### Exercise directions
Hunt through the entries for the word "that" and copy each line in which it appears.

### Stored data
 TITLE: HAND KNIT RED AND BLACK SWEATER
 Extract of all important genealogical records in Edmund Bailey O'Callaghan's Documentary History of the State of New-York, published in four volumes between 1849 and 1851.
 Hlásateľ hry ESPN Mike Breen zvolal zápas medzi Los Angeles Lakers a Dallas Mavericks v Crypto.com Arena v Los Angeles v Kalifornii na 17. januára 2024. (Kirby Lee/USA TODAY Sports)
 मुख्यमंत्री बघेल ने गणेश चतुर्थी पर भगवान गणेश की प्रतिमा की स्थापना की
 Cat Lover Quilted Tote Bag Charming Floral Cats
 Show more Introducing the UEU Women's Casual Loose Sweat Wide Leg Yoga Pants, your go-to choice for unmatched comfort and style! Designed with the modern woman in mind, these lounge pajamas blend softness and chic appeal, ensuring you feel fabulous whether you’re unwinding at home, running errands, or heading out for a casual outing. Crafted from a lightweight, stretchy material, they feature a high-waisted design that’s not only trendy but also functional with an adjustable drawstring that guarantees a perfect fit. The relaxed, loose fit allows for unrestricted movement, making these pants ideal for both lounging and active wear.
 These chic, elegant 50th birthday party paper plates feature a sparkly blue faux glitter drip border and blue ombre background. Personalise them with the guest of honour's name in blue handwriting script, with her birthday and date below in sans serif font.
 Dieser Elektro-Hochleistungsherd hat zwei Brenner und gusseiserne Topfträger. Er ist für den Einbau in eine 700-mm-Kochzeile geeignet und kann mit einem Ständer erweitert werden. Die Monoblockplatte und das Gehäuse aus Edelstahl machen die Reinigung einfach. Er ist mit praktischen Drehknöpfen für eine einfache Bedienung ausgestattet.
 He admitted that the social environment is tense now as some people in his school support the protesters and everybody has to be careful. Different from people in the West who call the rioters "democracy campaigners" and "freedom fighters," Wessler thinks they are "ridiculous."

==

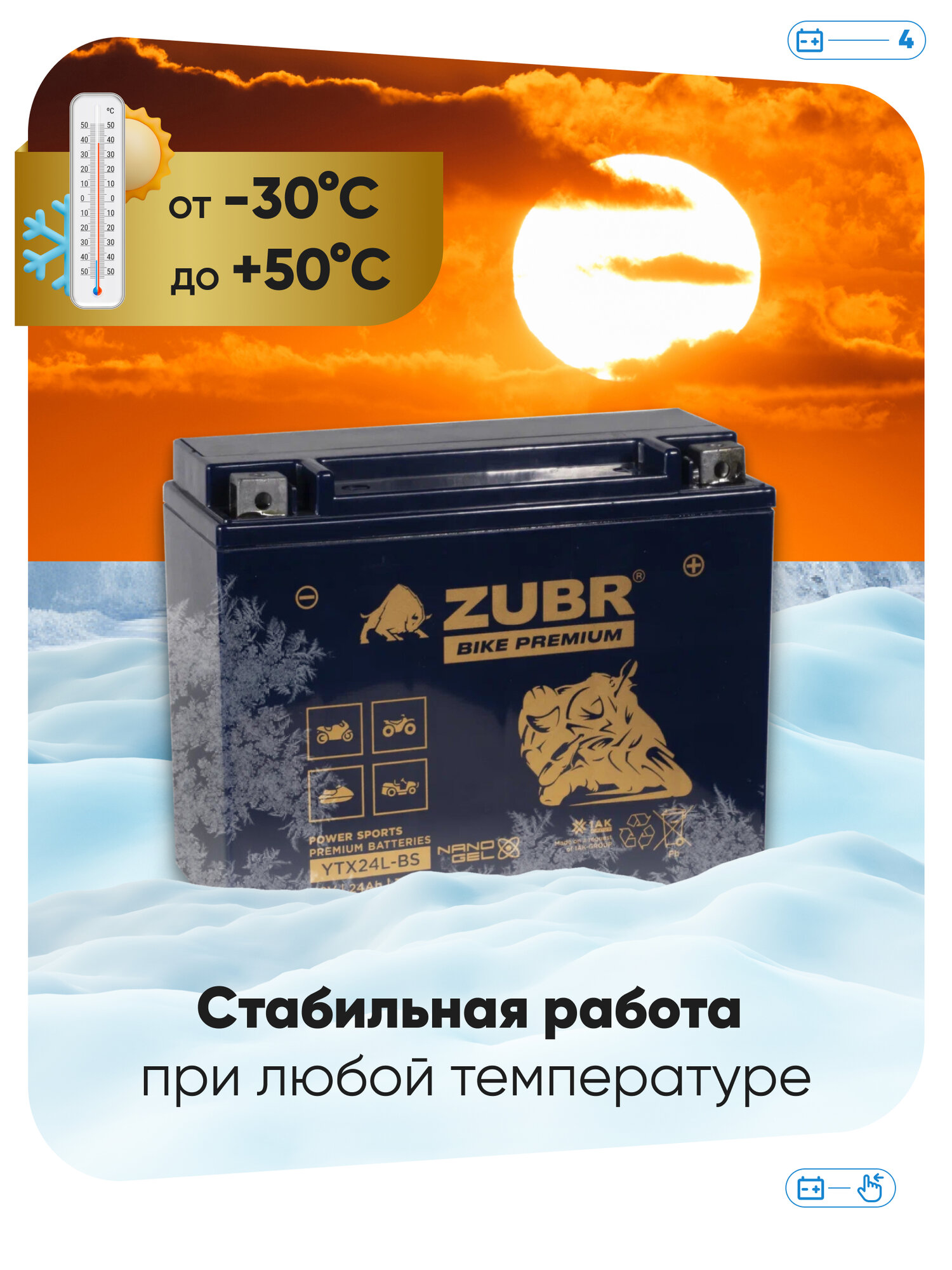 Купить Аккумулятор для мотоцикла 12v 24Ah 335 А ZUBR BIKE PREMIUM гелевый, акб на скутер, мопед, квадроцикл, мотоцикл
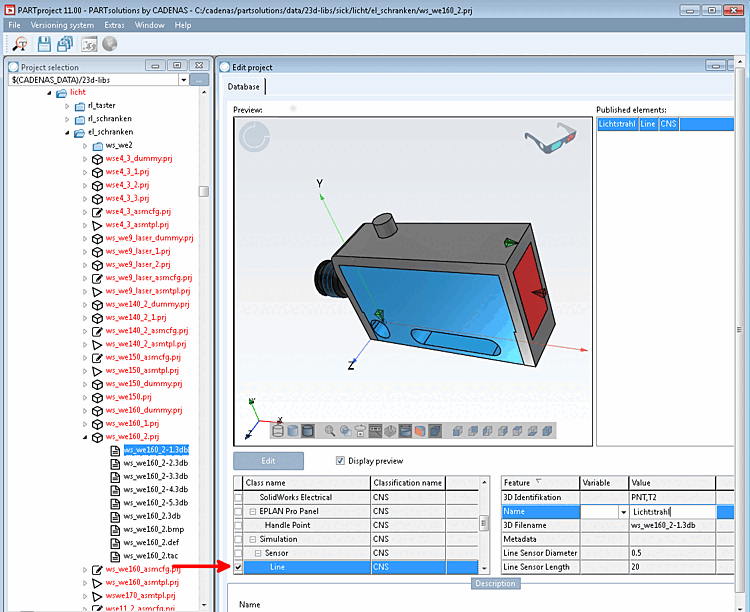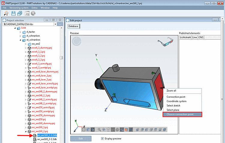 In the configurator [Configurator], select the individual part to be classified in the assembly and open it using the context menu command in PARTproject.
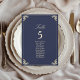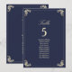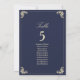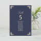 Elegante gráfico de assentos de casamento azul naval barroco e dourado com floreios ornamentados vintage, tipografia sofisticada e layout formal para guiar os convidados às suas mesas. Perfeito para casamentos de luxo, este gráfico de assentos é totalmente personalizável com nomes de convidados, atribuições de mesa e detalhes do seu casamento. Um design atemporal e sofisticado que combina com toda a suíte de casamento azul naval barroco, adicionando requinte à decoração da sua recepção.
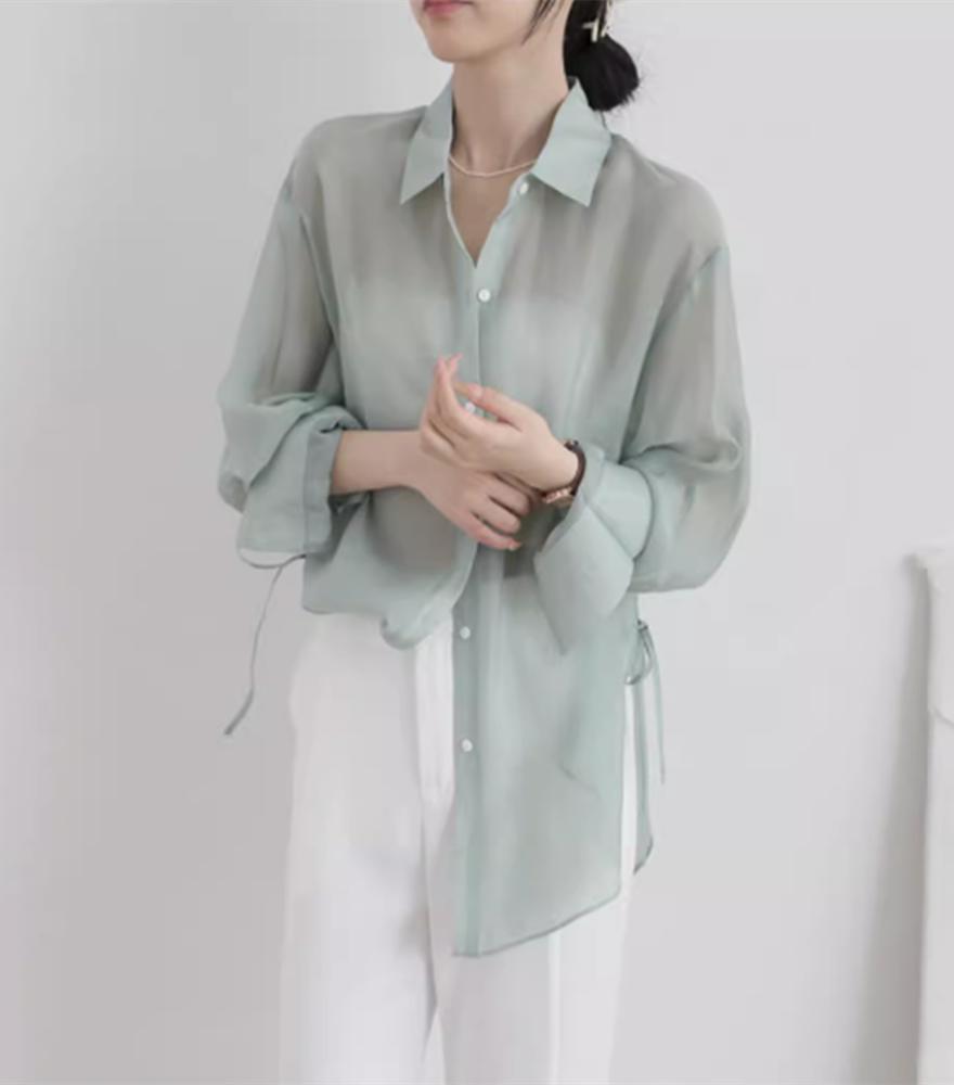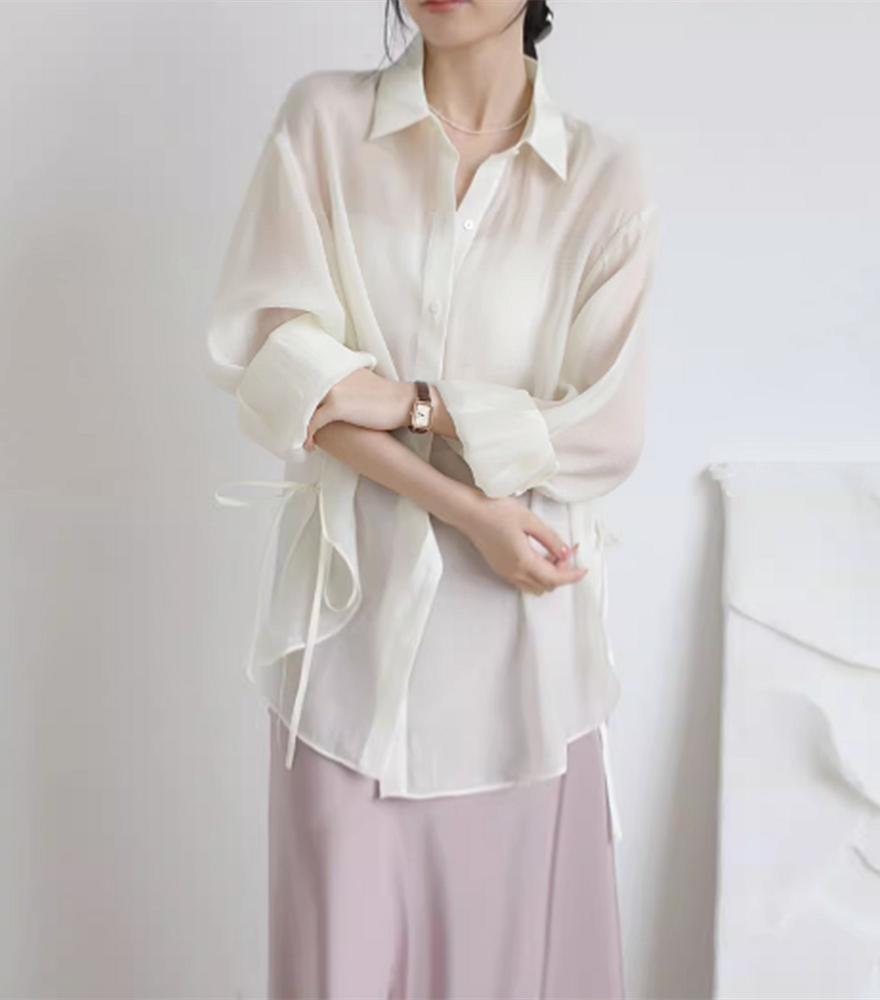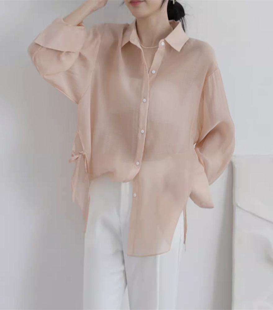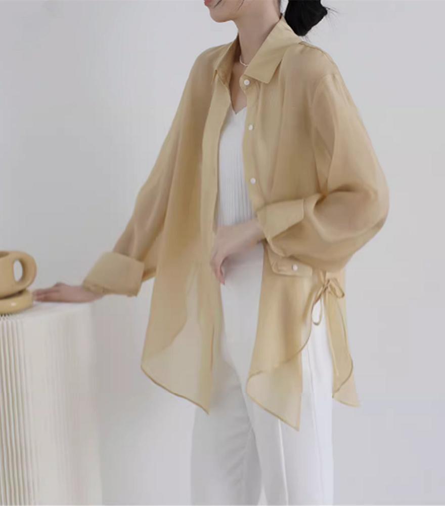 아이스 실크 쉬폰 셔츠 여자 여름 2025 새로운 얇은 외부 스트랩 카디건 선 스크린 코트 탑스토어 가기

==

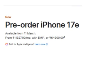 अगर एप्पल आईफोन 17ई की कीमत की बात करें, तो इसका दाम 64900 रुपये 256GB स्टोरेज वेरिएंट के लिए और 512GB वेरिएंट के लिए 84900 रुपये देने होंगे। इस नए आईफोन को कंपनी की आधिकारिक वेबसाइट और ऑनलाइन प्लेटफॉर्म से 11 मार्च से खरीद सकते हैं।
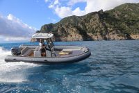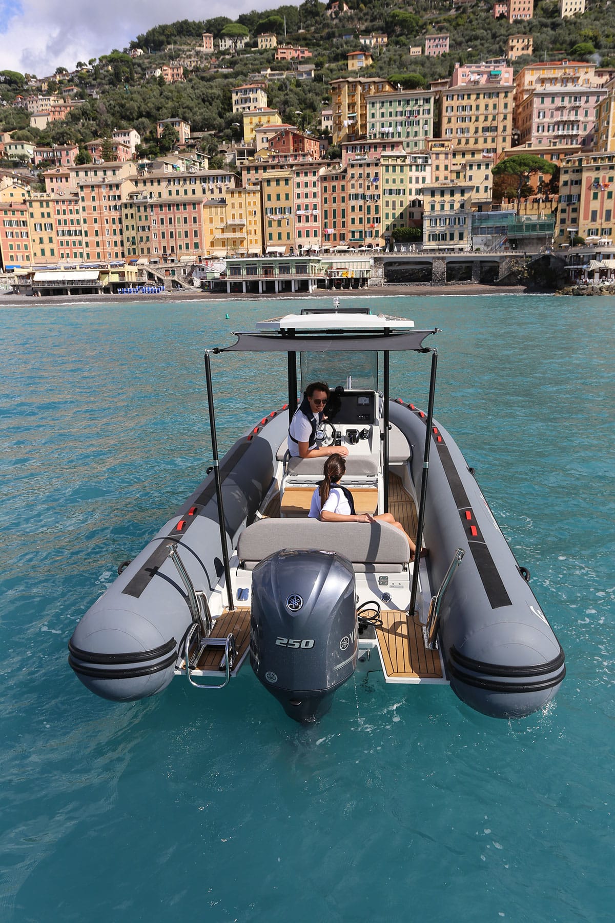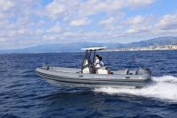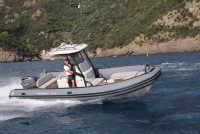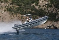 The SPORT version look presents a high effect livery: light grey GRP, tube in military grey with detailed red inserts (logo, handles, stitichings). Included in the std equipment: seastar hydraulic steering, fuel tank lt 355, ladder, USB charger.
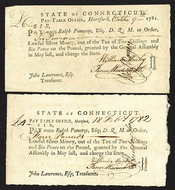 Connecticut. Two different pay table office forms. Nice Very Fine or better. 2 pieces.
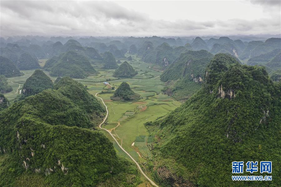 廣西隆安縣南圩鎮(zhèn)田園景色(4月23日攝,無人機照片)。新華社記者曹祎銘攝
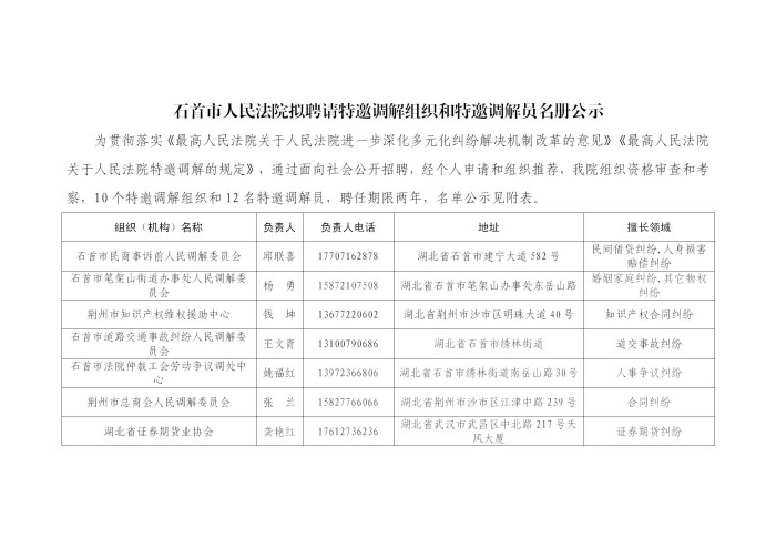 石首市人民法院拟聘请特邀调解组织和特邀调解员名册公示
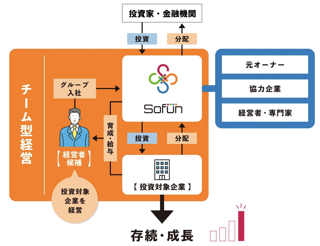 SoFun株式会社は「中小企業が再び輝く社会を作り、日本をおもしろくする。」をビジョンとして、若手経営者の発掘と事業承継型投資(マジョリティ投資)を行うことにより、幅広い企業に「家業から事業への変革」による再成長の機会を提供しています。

### Solution for this task
 Show more Introducing the UEU Women's Casual Loose Sweat Wide Leg Yoga Pants, your go-to choice for unmatched comfort and style! Designed with the modern woman in mind, these lounge pajamas blend softness and chic appeal, ensuring you feel fabulous whether you’re unwinding at home, running errands, or heading out for a casual outing. Crafted from a lightweight, stretchy material, they feature a high-waisted design that’s not only trendy but also functional with an adjustable drawstring that guarantees a perfect fit. The relaxed, loose fit allows for unrestricted movement, making these pants ideal for both lounging and active wear.
 He admitted that the social environment is tense now as some people in his school support the protesters and everybody has to be careful. Different from people in the West who call the rioters "democracy campaigners" and "freedom fighters," Wessler thinks they are "ridiculous."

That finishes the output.